Lecanemab underwent a large-scale test and trial period before the news was released. There were 1,795 volunteers that have been diagnosed with early-stage Alzheimer’s that took part, and they were given dosages of Lecanemab once every two weeks.

The test results were published in the New England Journal of Medicine, claiming that although it did not miraculously rid the patients of their Alzheimer’s and the degeneration continued, it did show significant delays in the speed of degeneration. The decline apparently slowed down by almost 25% over the 18-month testing period.

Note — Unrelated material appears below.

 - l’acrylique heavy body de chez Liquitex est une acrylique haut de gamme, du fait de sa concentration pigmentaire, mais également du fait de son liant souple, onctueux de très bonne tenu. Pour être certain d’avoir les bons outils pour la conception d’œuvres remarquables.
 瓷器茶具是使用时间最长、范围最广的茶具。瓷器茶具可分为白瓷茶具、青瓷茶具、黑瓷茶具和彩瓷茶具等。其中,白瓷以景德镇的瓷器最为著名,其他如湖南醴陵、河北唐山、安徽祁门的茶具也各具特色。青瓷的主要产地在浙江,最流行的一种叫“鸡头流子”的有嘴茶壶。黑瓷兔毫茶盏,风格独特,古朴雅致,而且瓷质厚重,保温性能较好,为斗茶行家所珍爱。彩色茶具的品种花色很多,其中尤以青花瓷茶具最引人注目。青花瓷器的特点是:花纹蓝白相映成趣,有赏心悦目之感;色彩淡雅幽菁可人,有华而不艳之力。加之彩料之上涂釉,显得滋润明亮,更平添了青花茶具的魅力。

However, there were some negative side effects that have so far fuelled a debate amongst researchers if this drug really is the miracle we have been waiting for. The rate of deceleration for the degeneration is relatively small, compared to the risks of brain bleeds (17% of participants suffered this), and brain swelling (13% of participants suffered this). There was a fall-out of 7% of participants that ended the drug trials early because of these unsettling symptoms. Additionally, there is doubt about what will occur after the 18-month trial period to the patients, because it is widely known that a patient can comfortably and independently live with Alzheimer’s for the first 6 years of brain degeneration until it becomes a severe cognitive impairment. Even if the degeneration slows the process by a quarter of the time, it is still uncertain if this is effective for all. Additionally, if the drug is processed and approved, it is only effective in the very early stages of Alzheimer’s and that would mean more effective testing of the patient’s in medical centers to be able to identify the disease early to be able to successfully prescribe the drug. To do such early on-set testing requires a large recalibration of material and resources and test availability for patients of public health care.

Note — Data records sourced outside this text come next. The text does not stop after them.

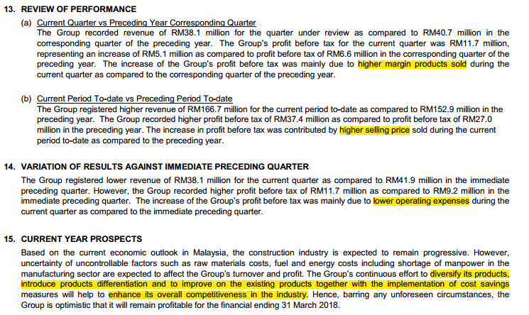 | | | Current Year Quarter | Preceding Year Corresponding Quarter | Current Year to Date | Preceding Year Corresponding Period | | | 31/12/2017 | 31/12/2016 | 31/12/2017 | 31/12/2016 | | | RM '000 | RM '000 | RM '000 | RM '000 | | 1 | Revenue | 36,505 | 41,858 | 107,589 | 128,618 | | 2 | Profit/Loss Before Tax | 6,001 | 9,225 | 21,740 | 25,673 | | 3 | Profit/(loss) attributable to ordinary equity holders of the parent | 5,404 | 7,030 | 17,111 | 18,551 | | 4 | Net Profit/Loss For The Period | 5,404 | 7,030 | 17,111 | 18,551 | | 5 | Basic Earnings/Loss Per Shares (sen) | 3.30 | 4.41 | 10.46 | 11.64 | | 6 | Dividend Per Share (sen) | 2.00 | 2.00 | 2.00 | 2.00 | | | | | As At End of Current Quarter | As At Preceding Financial Year End | | 7 | Net Assets Per Share (RM) | | | 1.0000 | 0.9500 |
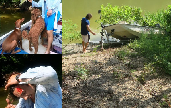 After a great morning of bass fishing with three puppies aboard, I trailered my boat using my camp’s launch, and when I went to unhook the trailer, things went downhill – literally.
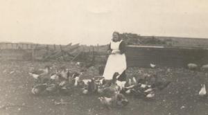 Annie and her chickens on her farm in Tara Township, near Clontarf, Minnesota
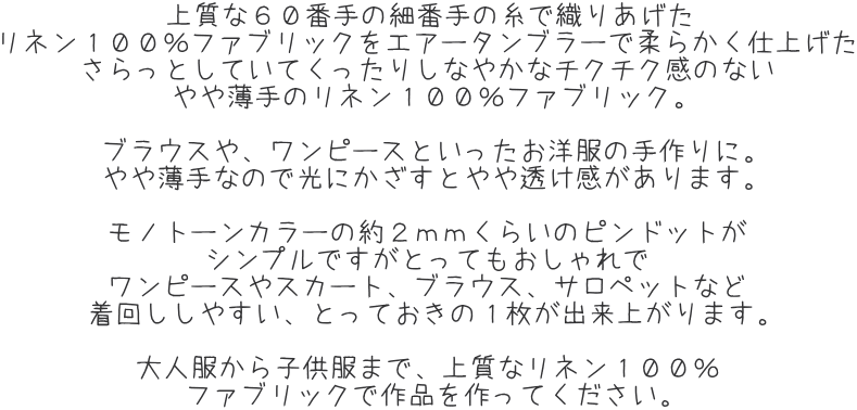 『クラシックピンドットリネン』60番手リネン100%プリント(やや薄手)生地幅:約102cmモノトーン/子供服/女の子/キッズ/大人服/麻/ウェアー/小物/インテリア/ハンドメイド/手づくり/
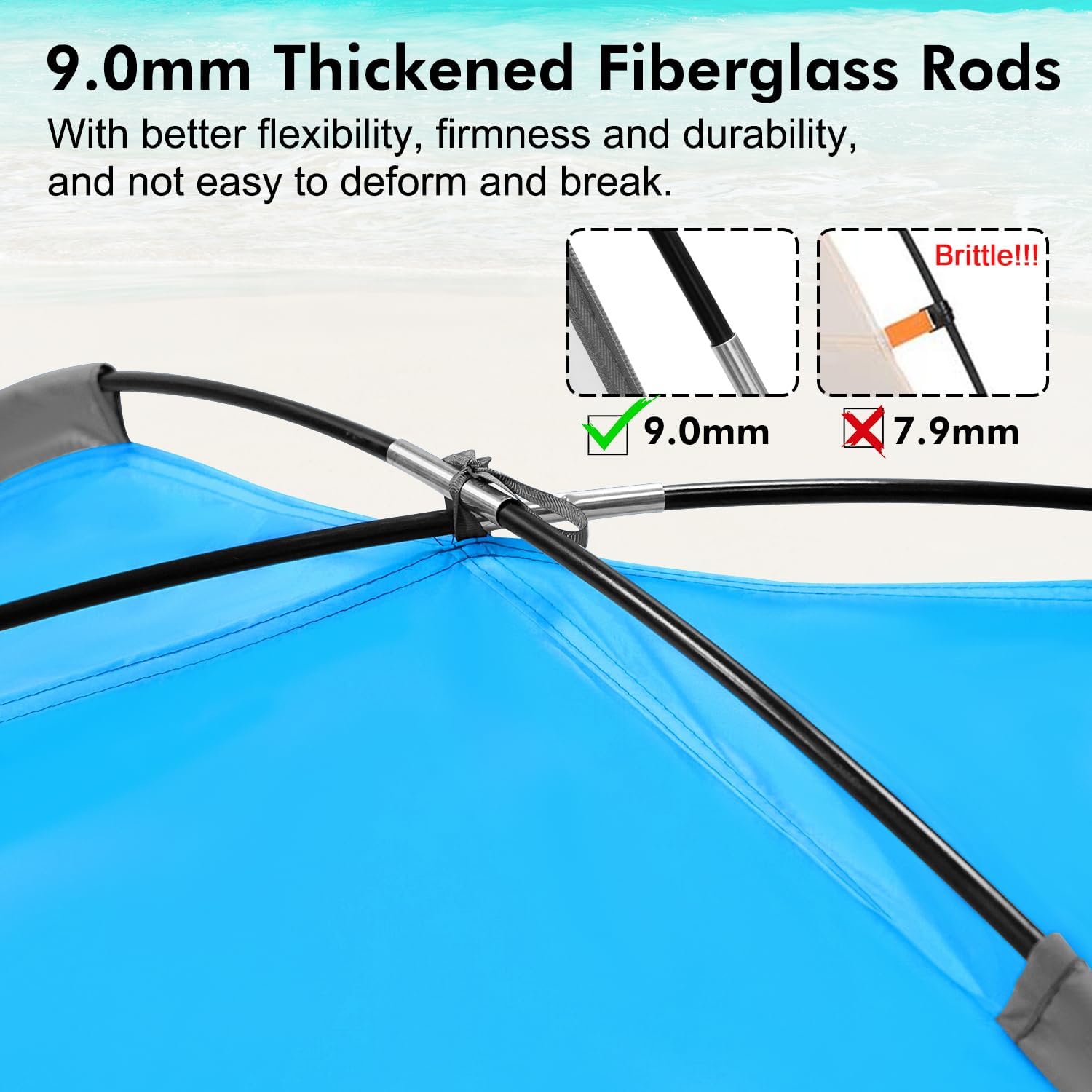 - 9.0mm Thickened Fiberglass Rods: We increased the thickness of the fiberglass rods to 9.0mm to make it more flexible, sturdy and durable. It can support the tent more stable and will keep shape even after long time use.
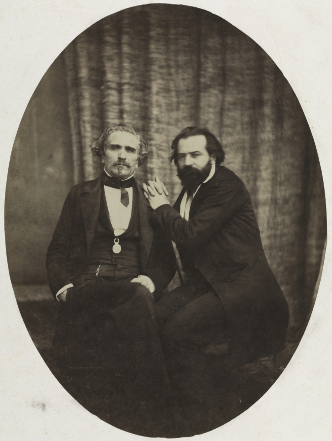 Early photographic portraiture captures the theatrical world of mid-19th-century Paris, utilizing the wet collodion process that produced sharp detail and rich tonal range in albumen prints.
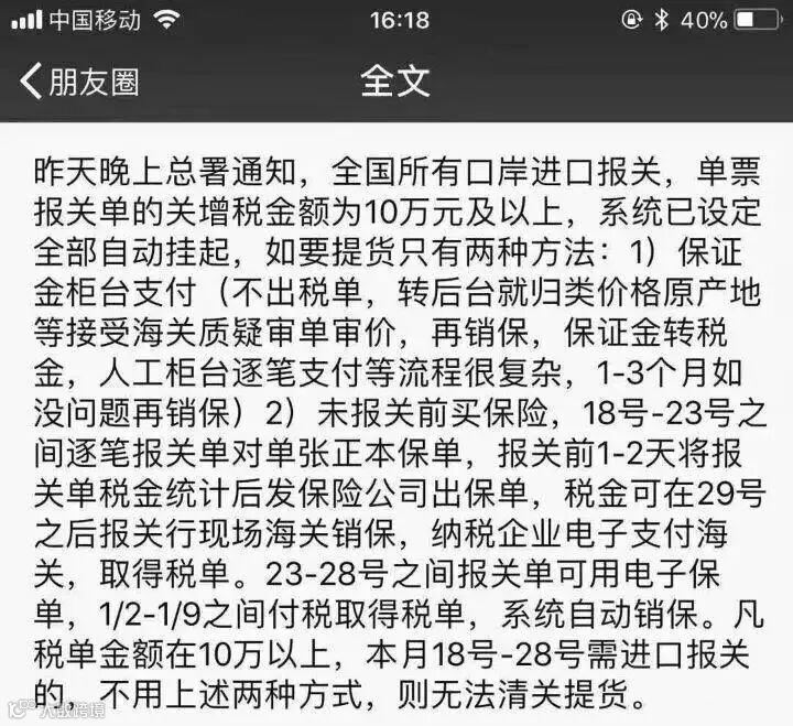 12月18日,关务圈都在传“税款超过10万的报关单,会转保证金做放行”的通知,通知中说:超10万的单证将会直接进去审单中心磋商,由审单中心以保证金形式审结,再发联系单到现场海关,通知企业缴纳保证金后才放行。

The purple ribbon signifies Alzheimer’s disease awareness. Image credit: Shutterstock / Andrey_Popov

The drug is currently being assessed further to ensure it can be used on a widespread basis. Eisai and Biogen, the pharmaceutical companies responsible for developing Lecanemab are hopeful that the approval processes can also begin next year for countries beyond the United States.

If maybe the drug, due to the current side effects and the bureaucratic procedures of making it widely available for healthcare organizations, does not become available within the next year, it still brings hope for a new generation of researchers to get closer to the cure for Alzheimer’s disease.